Come sempre, MAG vuole indagare l’attualità attraverso una lente d’ingrandimento molto particolare: quella del mondo dei servizi legali. Per inquadrare come l’avvocatura si stia muovendo nel grave contesto della crisi attuale.

Innanzitutto, le prese di posizione politiche e solidali, con il Consiglio nazionale forense che, assieme ai suoi omologhi europei, ha attivato un “contact point” per “assicurare assistenza ai cittadini ucraini che intendono rifugiarsi in Italia”. All’indicazione nazionale ha fatto seguito la declinazione locale.
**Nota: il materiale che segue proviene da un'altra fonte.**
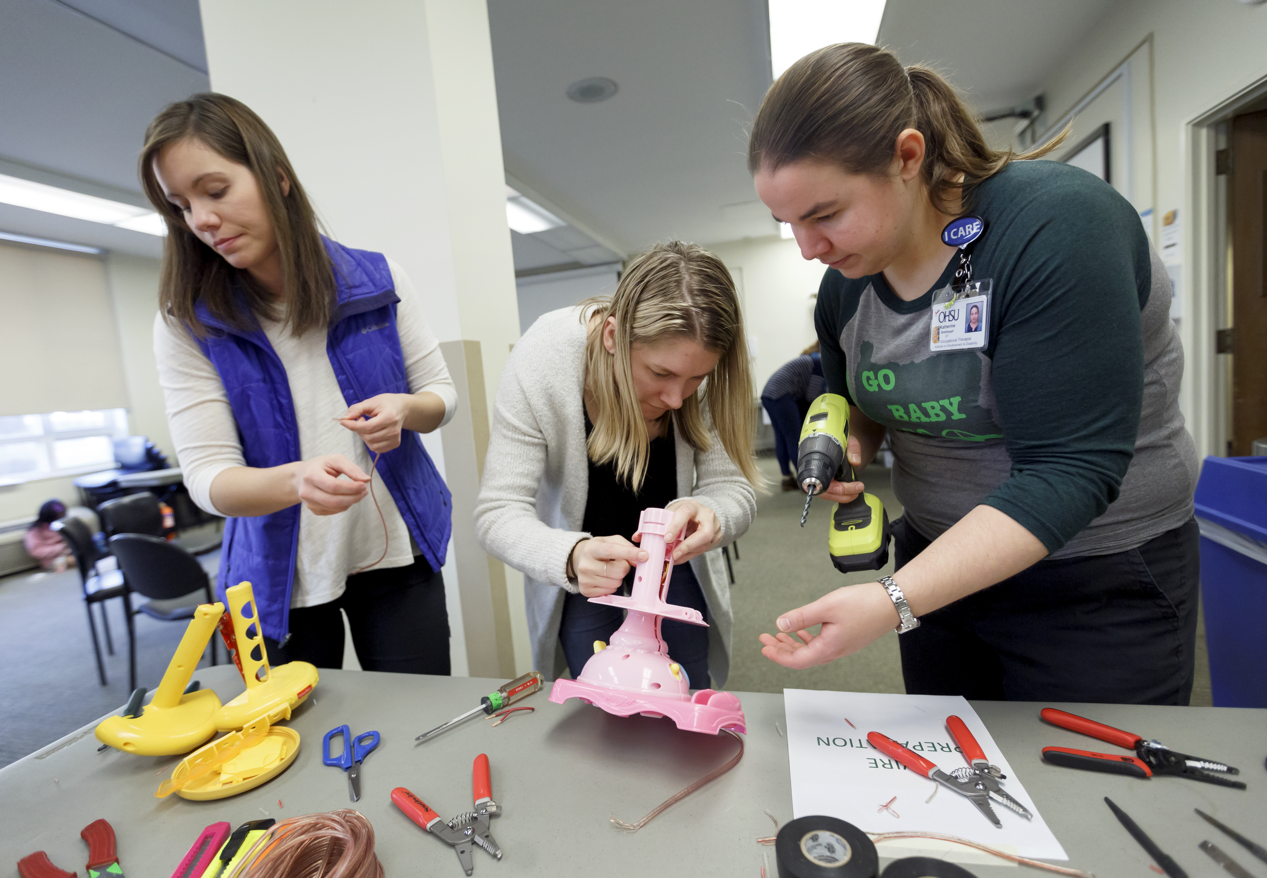 Volunteers from the nonprofit program Go Baby Go aim to help make the process a little easier for families. They hosted their annual Adapt-A-Gift event this past weekend. at the Community Vision Assistive Technology Lab in Portland for families and health care practitioners, and, over the course of several hours, modified toys to engage children of all abilities.
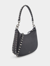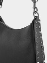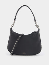 Grain Leather Small Hobo Rockstud Bag crafted from premium black leather, this bag exudes timeless elegance with a contemporary twist. The iconic rockstud accents add a touch of edgy charm, making it a statement piece for any occasion.
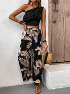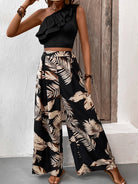 Honey Ruffled Sleeveless Top and Printed Pants Set

Ad esempio, l’Ordine degli avvocati di Milano ha dato il via a uno sportello di orientamento per profughi ucraini. Nel comunicare l’iniziativa, il presidente Vinicio Nardo ha auspicato una risoluzione non violenta del conflitto, connaturata nella professione stessa di avvocato: «Quando le armi parlano, tacciono gli avvocati. Quando le armi parlano, i diritti finiscono di essere tali».

Ma il “fronte legale” è fatto soprattutto di sanzioni e contro-sanzioni. Così, diversi studi d’affari hanno predisposto delle “guide” ai provvedimenti emanati da Stati Uniti, Ue e Regno Unito che colpiscono la Federazione russa e gli altri soggetti individuati. Un servizio rivolto alle imprese italiane con interessi nell’area del conflitto, una sorta di “bussola”, per permettere ai propri clienti di orientarsi, per quanto possibile, nel magma in continua evoluzione che è la normativa sanzionatoria.

Tra i primi a pubblicare un documento in cui si analizza il “panorama di sanzioni economiche e restrizioni molto stringenti nei confronti della Federazione russa” è stato BonelliErede. Ai microfoni del direttore Nicola Di Molfetta, i partner Angelino Alfano e Alessandro Musella hanno detto la loro. In particolare, Musella ha chiarito come lo studio si sia attrezzato per fronteggiare la richiesta di consulenza da parte dei soggetti interessati: «Abbiamo mobilitato i nostri Focus team multidisciplinari, Compliance ed Economic Diplomacy, oltre all’ufficio di Bruxelles: circa 20 professionisti attivi sull’emergenza. In questa situazione, saranno decisive anche le nostre piattaforme digitali, beLab, che consentono di fare attività di screening, individuare i soggetti sanzionati e mappare tutto il loro network di relazioni».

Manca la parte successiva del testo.